The examples Google uses in their explanations about how their ads work (which is really a ‘don’t worry, we don’t use your personal data’ disclaimer) uses the examples ‘cameras’ and ‘soccer.’ (“If you’ve recently received a lot of messages about photography or cameras, a deal from a local camera store might be interesting,” Google says).
They’ve machinated human language and removed its nuance in the process.
Nuance: the unalgorithmable
Emails are made of lots of words. They aren’t as simple as “Hey Jesop - I just got a new camera!” for which Google’s targeted ads would work. Emails - and other written things - aren’t just filled with semantic meaning, but with subtext. Algorithms treat words like the basic components of language, while the actual basic components are often hidden - elements like association, nuance, emotion and humour.
All web designers should know about ELIZA
In 1966, a scientist named Joseph Weizenbaum built a computer called ELIZA. The computer was a language programme, with which people could have full conversations. People could talk to ELIZA and it would respond based on certain keywords that it heard.
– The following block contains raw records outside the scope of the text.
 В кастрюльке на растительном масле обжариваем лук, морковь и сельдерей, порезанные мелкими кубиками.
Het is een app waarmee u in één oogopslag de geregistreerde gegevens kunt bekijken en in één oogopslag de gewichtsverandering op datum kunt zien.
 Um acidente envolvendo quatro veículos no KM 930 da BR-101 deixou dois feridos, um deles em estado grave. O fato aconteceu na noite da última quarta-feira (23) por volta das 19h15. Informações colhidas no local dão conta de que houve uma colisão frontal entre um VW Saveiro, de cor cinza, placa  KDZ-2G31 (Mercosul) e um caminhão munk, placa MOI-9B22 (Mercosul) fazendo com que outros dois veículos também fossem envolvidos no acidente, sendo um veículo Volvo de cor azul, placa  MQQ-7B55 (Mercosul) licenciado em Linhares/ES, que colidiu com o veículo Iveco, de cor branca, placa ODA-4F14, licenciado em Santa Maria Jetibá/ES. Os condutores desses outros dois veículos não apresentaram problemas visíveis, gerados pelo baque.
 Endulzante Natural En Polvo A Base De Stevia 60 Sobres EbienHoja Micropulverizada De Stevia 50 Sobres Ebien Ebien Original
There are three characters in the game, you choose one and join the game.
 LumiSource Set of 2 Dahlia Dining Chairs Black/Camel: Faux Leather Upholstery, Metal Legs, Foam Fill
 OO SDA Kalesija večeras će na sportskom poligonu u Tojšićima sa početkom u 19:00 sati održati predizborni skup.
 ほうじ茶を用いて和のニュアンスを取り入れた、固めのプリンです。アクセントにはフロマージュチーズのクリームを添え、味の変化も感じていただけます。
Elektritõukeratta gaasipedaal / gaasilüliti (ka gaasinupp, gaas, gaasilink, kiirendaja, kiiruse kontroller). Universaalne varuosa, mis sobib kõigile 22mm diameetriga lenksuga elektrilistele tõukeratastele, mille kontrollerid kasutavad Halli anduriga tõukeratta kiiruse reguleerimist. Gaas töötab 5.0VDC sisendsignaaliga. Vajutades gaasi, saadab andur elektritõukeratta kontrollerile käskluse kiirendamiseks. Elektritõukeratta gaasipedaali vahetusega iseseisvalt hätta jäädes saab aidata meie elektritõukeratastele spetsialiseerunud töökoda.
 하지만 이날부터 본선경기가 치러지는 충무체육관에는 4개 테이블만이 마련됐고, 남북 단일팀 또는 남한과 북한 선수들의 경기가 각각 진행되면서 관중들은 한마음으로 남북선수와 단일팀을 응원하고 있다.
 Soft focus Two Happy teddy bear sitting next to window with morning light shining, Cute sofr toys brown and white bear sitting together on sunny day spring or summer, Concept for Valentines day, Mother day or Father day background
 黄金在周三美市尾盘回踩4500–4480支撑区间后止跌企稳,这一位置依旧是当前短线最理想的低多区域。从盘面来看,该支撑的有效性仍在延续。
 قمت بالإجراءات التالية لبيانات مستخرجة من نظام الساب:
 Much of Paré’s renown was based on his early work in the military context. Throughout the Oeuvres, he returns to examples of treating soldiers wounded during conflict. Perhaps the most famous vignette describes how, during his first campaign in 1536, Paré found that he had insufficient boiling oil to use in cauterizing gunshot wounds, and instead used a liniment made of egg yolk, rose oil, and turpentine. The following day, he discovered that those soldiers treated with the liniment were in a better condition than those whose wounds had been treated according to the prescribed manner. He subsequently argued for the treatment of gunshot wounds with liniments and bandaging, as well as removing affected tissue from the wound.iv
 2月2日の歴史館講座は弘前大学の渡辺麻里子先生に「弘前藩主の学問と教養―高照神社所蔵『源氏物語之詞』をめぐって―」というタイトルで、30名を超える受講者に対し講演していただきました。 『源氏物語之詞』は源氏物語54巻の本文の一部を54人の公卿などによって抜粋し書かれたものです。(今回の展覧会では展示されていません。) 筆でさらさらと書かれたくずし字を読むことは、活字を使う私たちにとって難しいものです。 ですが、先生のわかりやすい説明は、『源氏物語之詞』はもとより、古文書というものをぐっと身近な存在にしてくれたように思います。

Weizenbaum had programmed several phrases into ELIZA that it would use to make conversation. For example, if ELIZA heard the word “mother” it would respond with a question about “family.” That may work. But then again, it may not.
Consider the 80s
Remember the 80s and the prevalence of ‘yo mama’ jokes? Remember the use of “mother” as a slang adjective meaning “huge”? That’s just two instances of straightforward definitions slanted by humans.
Language is dependent on context. No set of rules can incorporate this. You can’t codify context and emotion. That’s why the semantic web is such a challenge - and why the ads next to my email are such a joke.
The rules we’ve built so far work in the currency of the word, and therein lies the problem. Modularity can’t be at word level. If we’re to build a useful and flexible semantic web, shouldn’t we do with building blocks that we can work with?
But what is there to work with? Taking a closer look at language programmes is a good first step:
1) Clever bot: Rollo Carpenter wrote this language programme. It has no responses or phrases built in, rather it simply collects information as you talk to it. That is, the only language the robot can say is stuff that it has heard. Right now it talks to about 3 million people per month, and storing all of that information. Try talking to it; it’s very interesting, but more poetic than sensible.
2) Bina 48: Martine Rothblatt built this bot to look exactly like his wife, Bina Rothblatt, and the program itself is actually built with her words, thoughts and memories. What ensues, however, is mostly confusion. This video shows that confusion (the best part? When Bina says friendship is all about “conspiring to take over the planet”).
It seems there’s no real programme we can build that will fully replicate human language. And that’s probably a good thing, or else our earth will start to look like Blade Runner. One thing we can do though, is learn more about language.
The more we understand language and comprehension, the better modular web universe we’ll build. A future free from irrelevant Google ads. Or at least apparats.